Exercise details: Transcribe word for word each line from the one containing "进入后,你可以在页面上方搜索相关信息进行查看,也可以点击下方的动漫作品。" to the final line of the data, both included. Skip the pictures.

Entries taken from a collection
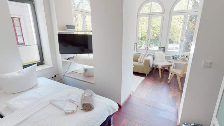 Die Unterkunft Villa Parkblick befindet sich in Rostock, nur 500 m vom Strand in Warnemünde entfernt. Die Entfernung zu Sehenswürdigkeiten wie dem Schiffbau- und Schifffahrtsmuseum liegt bei 7,8 km, während die Neue Messe Rostock 8,5 km und der Hafen Rostock 11 km entfernt sind. Der Zoo Rostock und das Volkstheater Rostock sind jeweils 13 km entfernt. Der nächstgelegene Flughafen ist der Flughafen Rostock-Laage, der sich 49 km von der Unterkunft befindet.
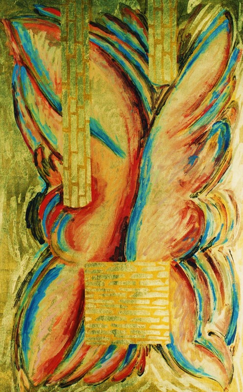 1988 - 07 - Barras en busca de un dorado - Acrilico s. pan de oro y tela 130x81 - A. Metamorfico
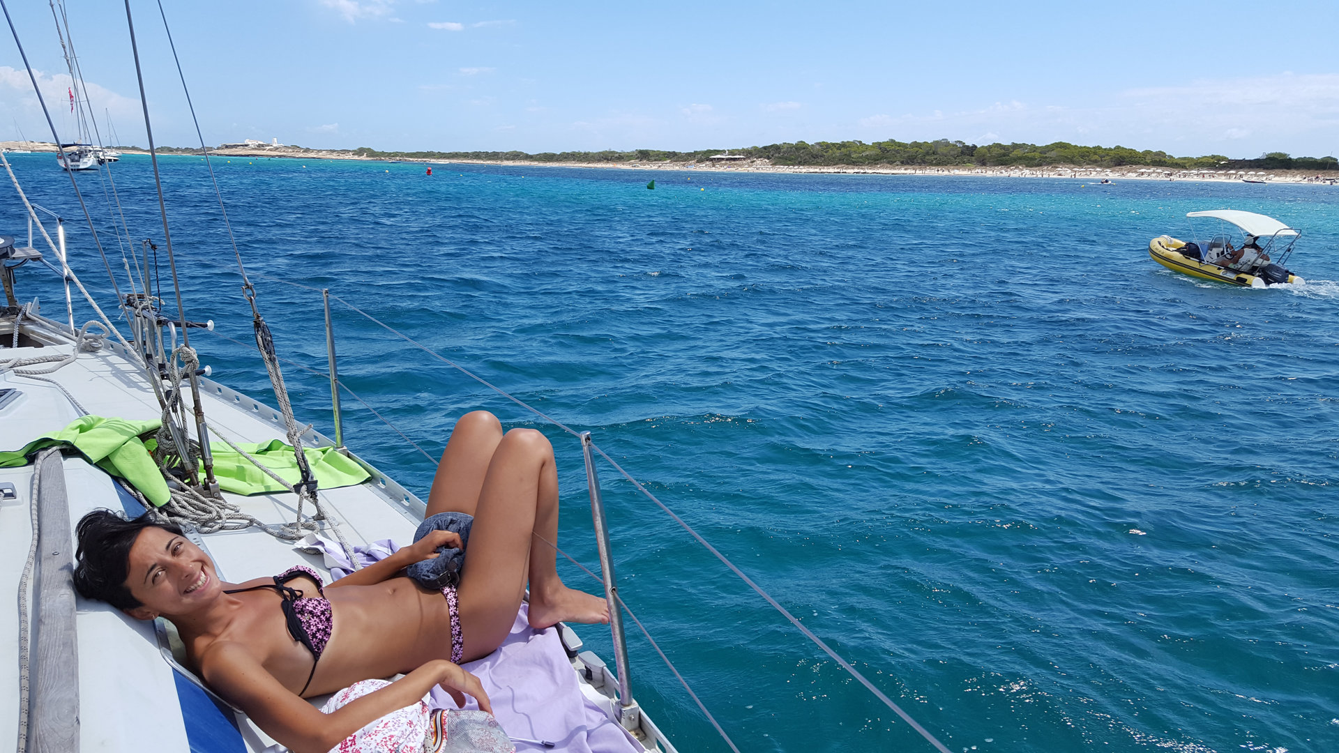 Navighiamo lungo la costa sud di Ibiza e ci fermiamo tra Es Cavallet e Ses Salines, dentro l’area protetta del Parco Naturale di Ses Salines, per un bagno trasparente e un pranzo con i piedi quasi nell’acqua. Poi puntiamo la prua verso Formentera, entrando nel tratto di mare più iconico della vacanza in barca a vela alle Baleari: S’Espalmador e Ses Illetes tra sabbia chiara, fondali bassi e sfumature turchesi. Qui il tempo rallenta davvero: tuffi, snorkeling, un aperitivo al tramonto e notte in rada sotto le stelle.
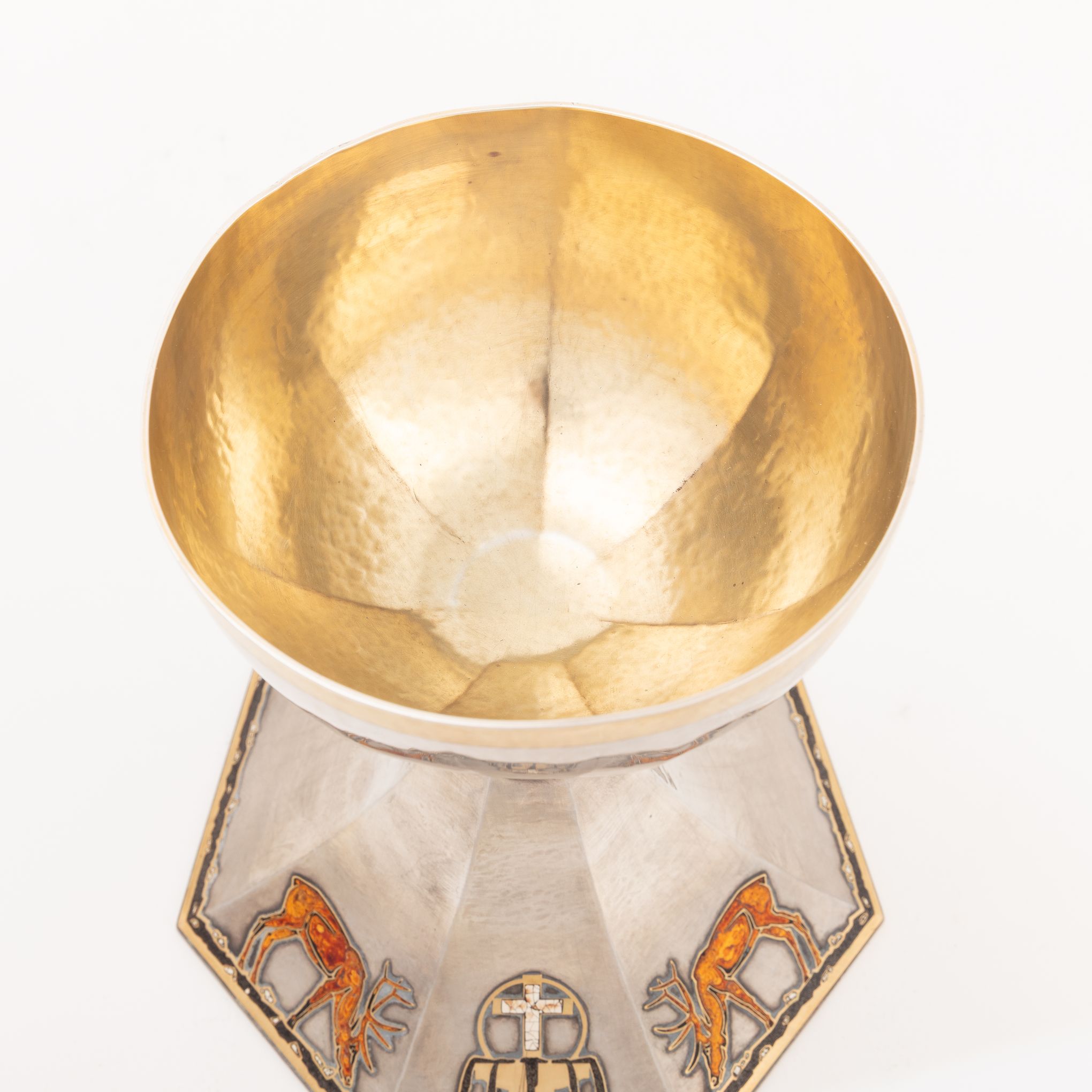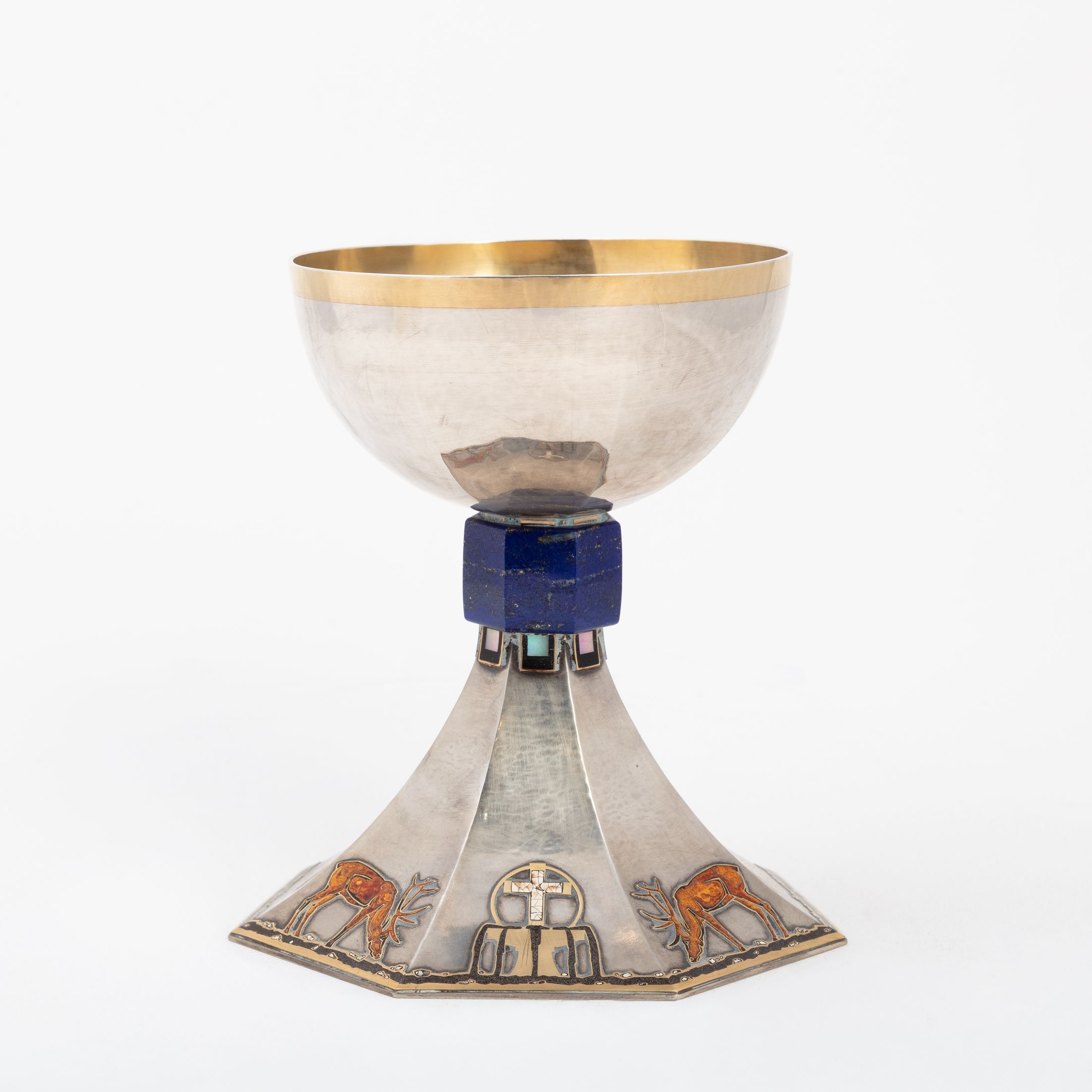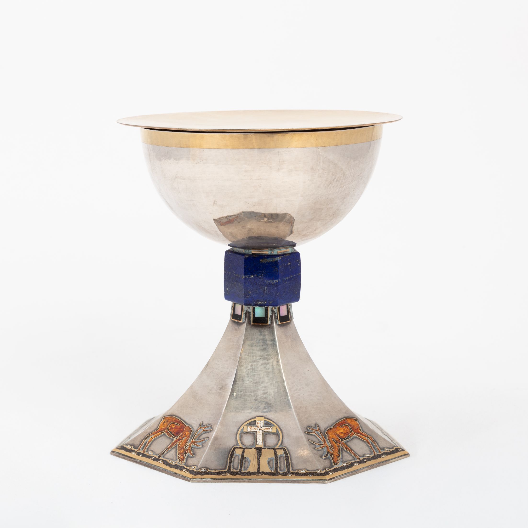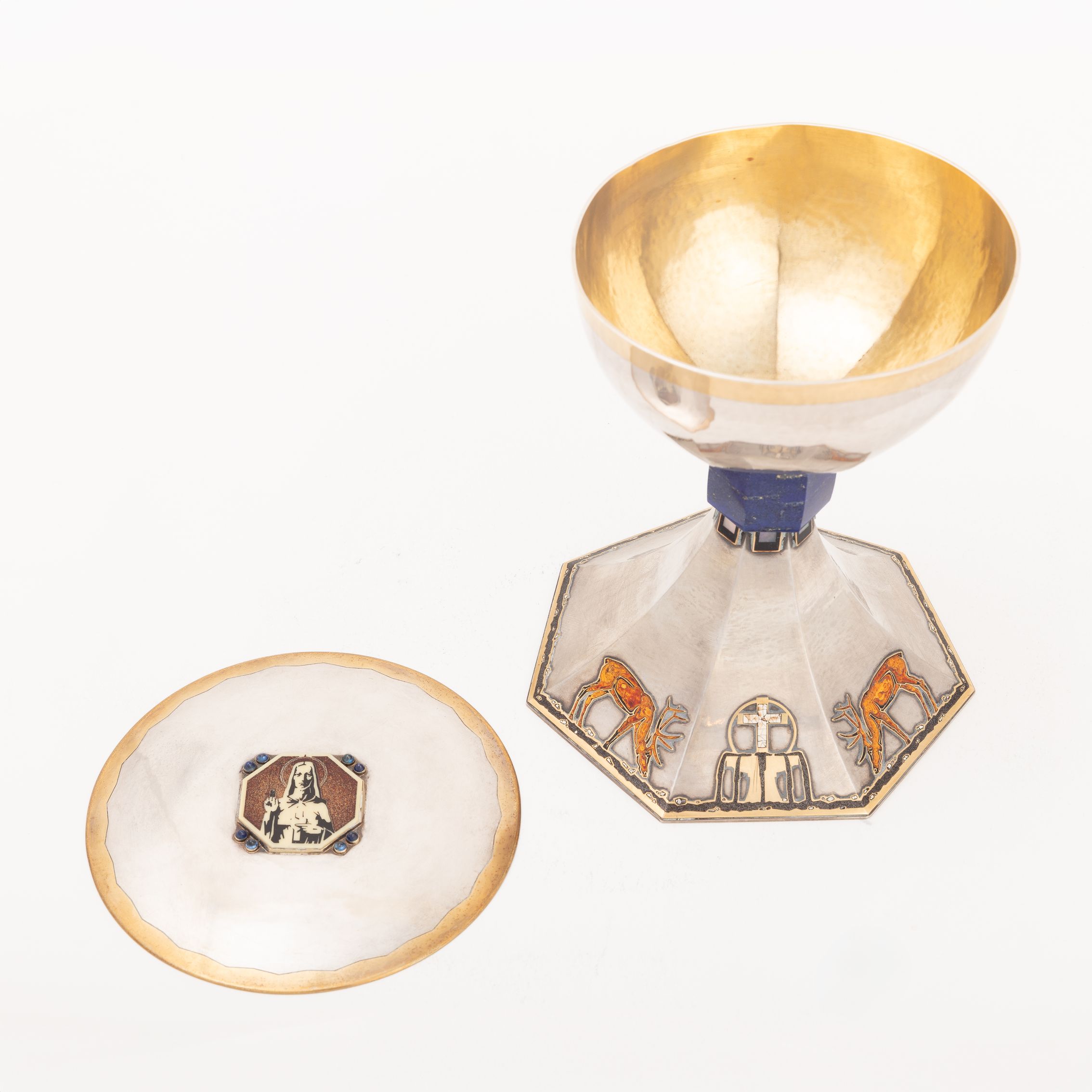 Deze kelk zou door Holemans zijn gemaakt voor kanunnik Théophile Joseph Barette, de eerste pastoor van de Nationale Basiliek van Koekelberg. De versiering is sober, de verhouding tussen de esthetiek en de verscheidenheid aan gebruikte materialen is evenwichtig. De rondingen zijn strak en de vormen nauwkeurig en verfijnd, waardoor het object perfect leesbaar blijft. Lapis lazuli, een steen die bekend staat om zijn zeer uitgesproken blauwe pigment, wordt gebruikt voor de knoop van de kelk, net zoals malachiet bij andere heilige vazen die gemaakt zijn door Holemans. Onder de knoop bevindt zich een fries van kleine vierkante parelmoeren cabochons. Het motief op de voet – twee herten die drinken uit een fontein – wordt door Holemans in verschillende van zijn werken hergebruikt. Om aan de groeiende vraag te voldoen, ontwikkelt de edelsmid namelijk een repertoire en verwisselbare modellen die van het ene werk naar het andere kunnen worden hergebruikt, maar toch individueel aanpasbaar blijven. De waterbron, met daarboven het kruis, is een symbool van leven. Het stromende water vormt een rand die de hele omtrek van de zevenhoekige voet benadrukt. De silhouetten van de herten zijn gelakt en het kruis bestaat uit fragmenten van eierschalen. De ronding van de schaal wordt gemarkeerd door licht uitstekende randen die die van de voet verlengen. De binnenkant van de schaal, in verguld zilver, is gehamerd.
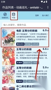 进入后,你可以在页面上方搜索相关信息进行查看,也可以点击下方的动漫作品。
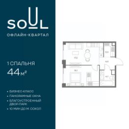 Продается 1-к. квартира номер 675 общей площадью 44 кв.м. на 9-м этаже 24 этажного дома, Корпус 9. С отделкой White Box Max.
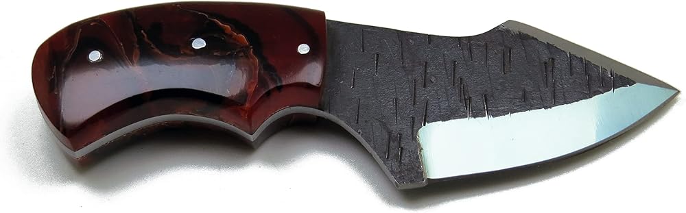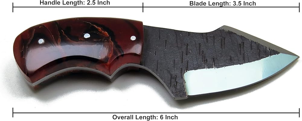 Premium Damascus Knife 6" Blade 3.5" W/Leather Pouch Multi Purpose Instruments Handle (Lava Red)
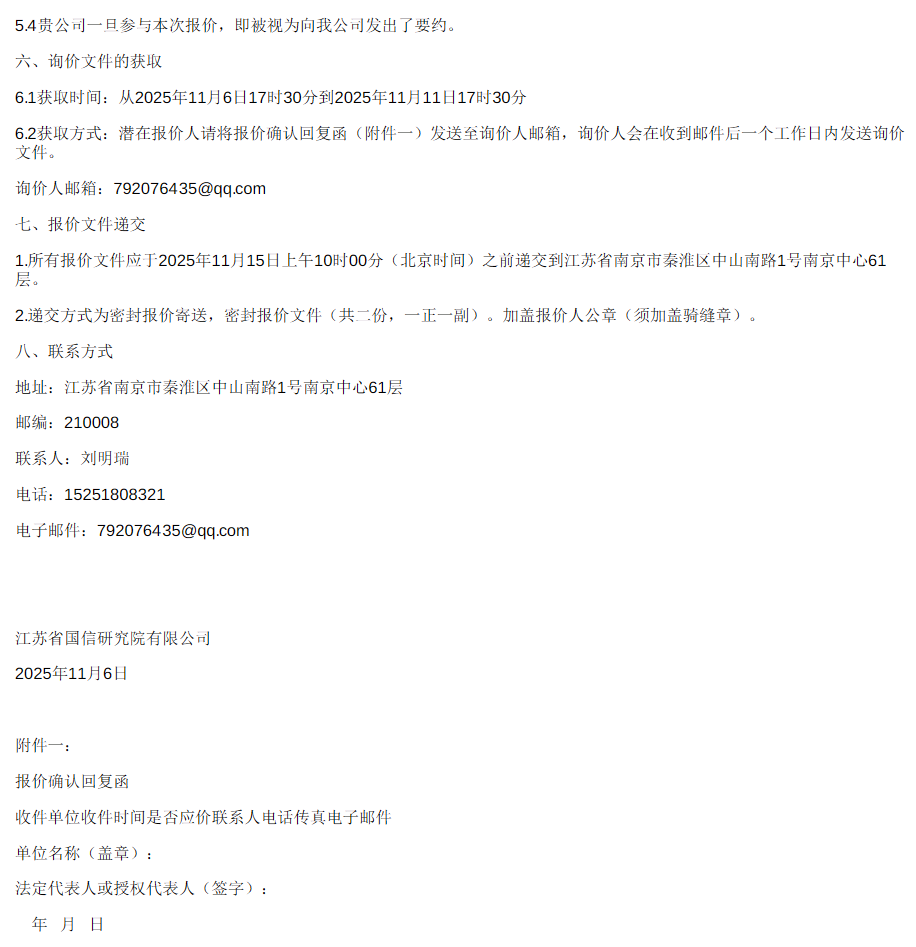工期要求:计划2025年11月30日前开始研究工作,2026年5月31日前取得研究成果。
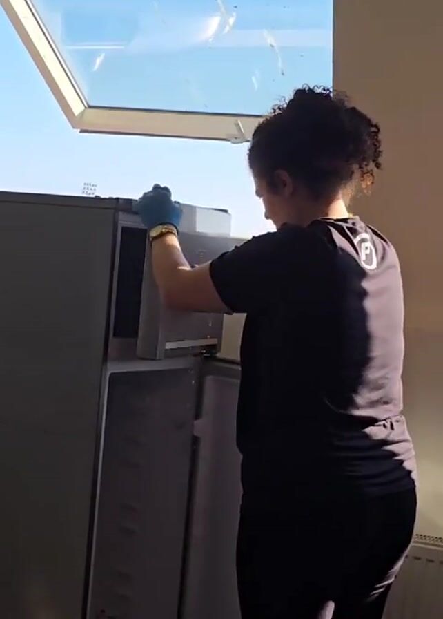 - "A woman with curly hair pulled back, wearing blue gloves and a black t-shirt with a white logo, is cleaning the top of a refrigerator next to a window" by FM-dTRWD3, licensed under CC BY 4.0
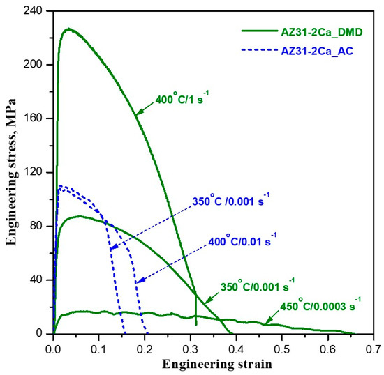 Tensile total elongations have been measured on specimens deformed under conditions within Domain #1 and these were 25% at 350 °C/0.001 s−1 and 33% at 400 °C/0.01 s−1. The engineering stress—engineering strain curves obtained in tension for AC and DMD processed conditions are shown in Figure 10.
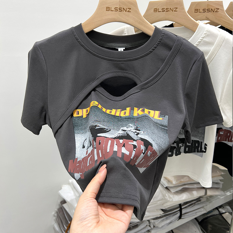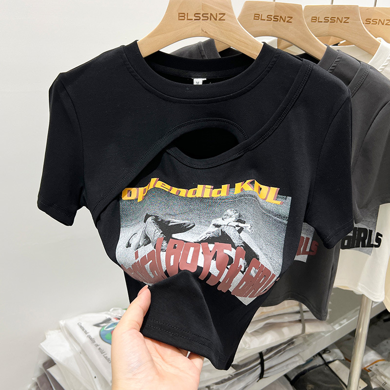 美式复古印花短袖t恤女ins潮夏季纯欲别致独特镂空设计感短款
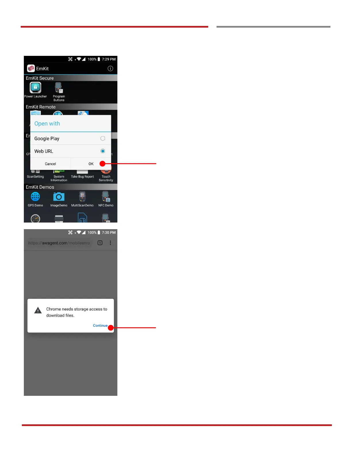 Web browser will download the apk file to the Point Mobile
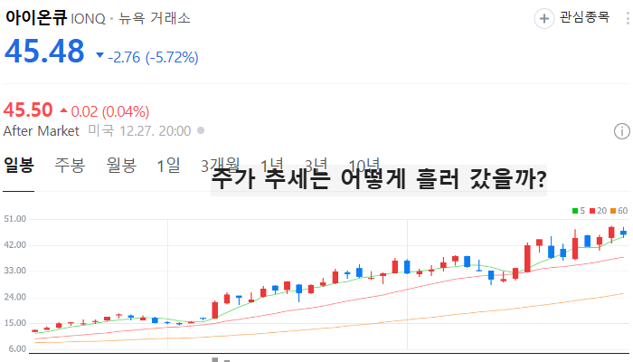 향후 주가 상승이 기대되는 아이온큐 주가는 2024년 12월 30일 기준 45.48달러입니다.
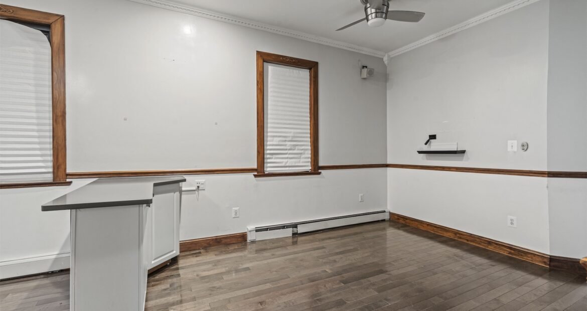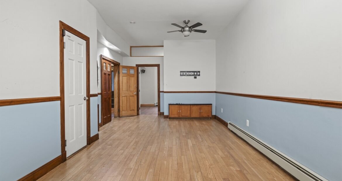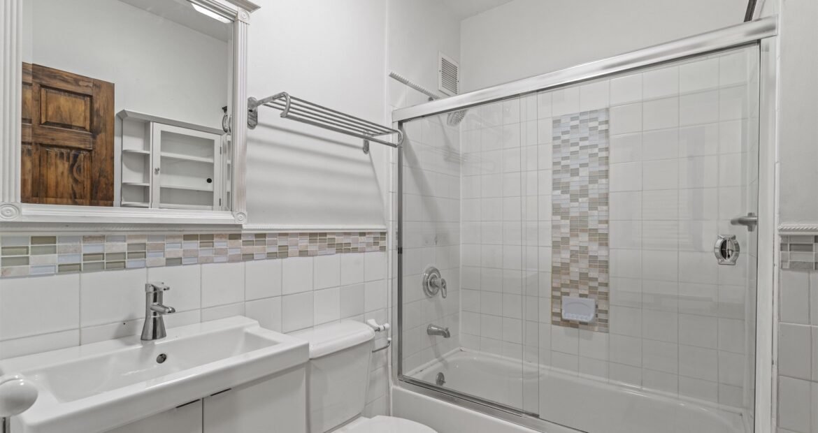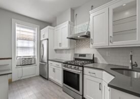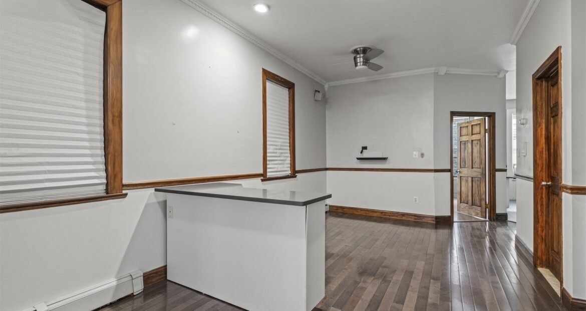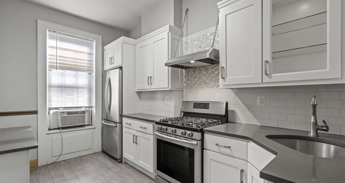 Unit 2 sits on the upper floors and carries the same level of renovation. It has hardwood floors, high ceilings, updated lighting, and a modern kitchen with stainless steel appliances and white cabinetry. The living area is bright throughout the day and the two bedrooms have clean finishes with solid window exposure. The bathroom follows the same contemporary tile design with a full tub and shower.

Exercise response:
 进入后,你可以在页面上方搜索相关信息进行查看,也可以点击下方的动漫作品。
 Продается 1-к. квартира номер 675 общей площадью 44 кв.м. на 9-м этаже 24 этажного дома, Корпус 9. С отделкой White Box Max.
 Premium Damascus Knife 6" Blade 3.5" W/Leather Pouch Multi Purpose Instruments Handle (Lava Red)
工期要求:计划2025年11月30日前开始研究工作,2026年5月31日前取得研究成果。
 - "A woman with curly hair pulled back, wearing blue gloves and a black t-shirt with a white logo, is cleaning the top of a refrigerator next to a window" by FM-dTRWD3, licensed under CC BY 4.0
 Tensile total elongations have been measured on specimens deformed under conditions within Domain #1 and these were 25% at 350 °C/0.001 s−1 and 33% at 400 °C/0.01 s−1. The engineering stress—engineering strain curves obtained in tension for AC and DMD processed conditions are shown in Figure 10.
 美式复古印花短袖t恤女ins潮夏季纯欲别致独特镂空设计感短款
 Web browser will download the apk file to the Point Mobile
 향후 주가 상승이 기대되는 아이온큐 주가는 2024년 12월 30일 기준 45.48달러입니다.
 Unit 2 sits on the upper floors and carries the same level of renovation. It has hardwood floors, high ceilings, updated lighting, and a modern kitchen with stainless steel appliances and white cabinetry. The living area is bright throughout the day and the two bedrooms have clean finishes with solid window exposure. The bathroom follows the same contemporary tile design with a full tub and shower.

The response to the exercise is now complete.